There is also evidence that in the first months of Reagan's presidency, the White House received a ransom proposal for a number of POWs being held by Hanoi. The offer, which was passed to Washington from an official of a third country, was apparently discussed at a meeting in the Roosevelt Room attended by Reagan, Vice President George H.W. Bush, CIA director William Casey and National Security Adviser Richard Allen. Allen confirmed the offer in sworn testimony to the Senate POW committee on June 23, 1992.

Allen was allowed to testify behind closed doors, and no information was released. But a San Diego Union-Tribune reporter, Robert Caldwell, obtained the portion of the testimony relating to the ransom offer and wrote about it. The ransom request was for $4 billion, Allen testified. He said he told Reagan that "it would be worth the president going along and let's have the negotiation." When his testimony appeared in the Union-Tribune, Allen quickly wrote a letter to the panel, this time not under oath, recanting the ransom story, saying his memory had played tricks on him.

But the story didn't end there. A Treasury agent on Secret Service duty in the White House, John Syphrit, came forward to say he had overheard part of the ransom conversation in the Roosevelt Room in 1981. The Senate POW committee voted not to subpoena him to testify.

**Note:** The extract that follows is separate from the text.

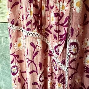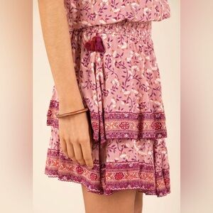 Poupette St. Barth Designer Amora Mini Tassel Dress Boho Floral Pink Cerise Sz S

On November 11, 1992, Dolores Alfond, sister of missing airman Capt. Victor Apodaca and chair of the National Alliance of Families, an organization of relatives of POW/MIAs, testified at one of the Senate committee's public hearings. She asked for information about data the government had gathered from electronic devices used in a classified program known as PAVE SPIKE.

The devices were primarily motion sensors, dropped by air, designed to pick up enemy troop movements. But they also had rescue capabilities. Someone on the ground--a downed airman or a prisoner on a labor gang--could manually enter data into the sensor, which were regularly collected electronically by US planes flying overhead. Alfond stated, without any challenge from the committee, that in 1974, a year after the supposedly complete return of prisoners, the gathered data showed that a person or people had manually entered into the sensors--as US pilots had been trained to do--"no less than 20 authenticator numbers that corresponded exactly to the classified authenticator numbers of 20 US POW/MIAs who were lost in Laos." Alfond added, says the transcript: "This PAVE SPIKE intelligence is seamless, but the committee has not discussed it or released what it knows about PAVE SPIKE."

McCain, whose POW status made him the committee's most powerful member, attended that hearing specifically to confront Alfond because of her criticism of the panel's work. He bellowed and berated her for quite a while. His face turning anger-pink, he accused her of "denigrating" his "patriotism." The bullying had its effect--she began to cry.

After a pause Alfond recovered and tried to respond to his scorching tirade, but McCain simply turned and stormed out of the room. The PAVE SPIKE file has never been declassified. We still don't know anything about those 20 POWs.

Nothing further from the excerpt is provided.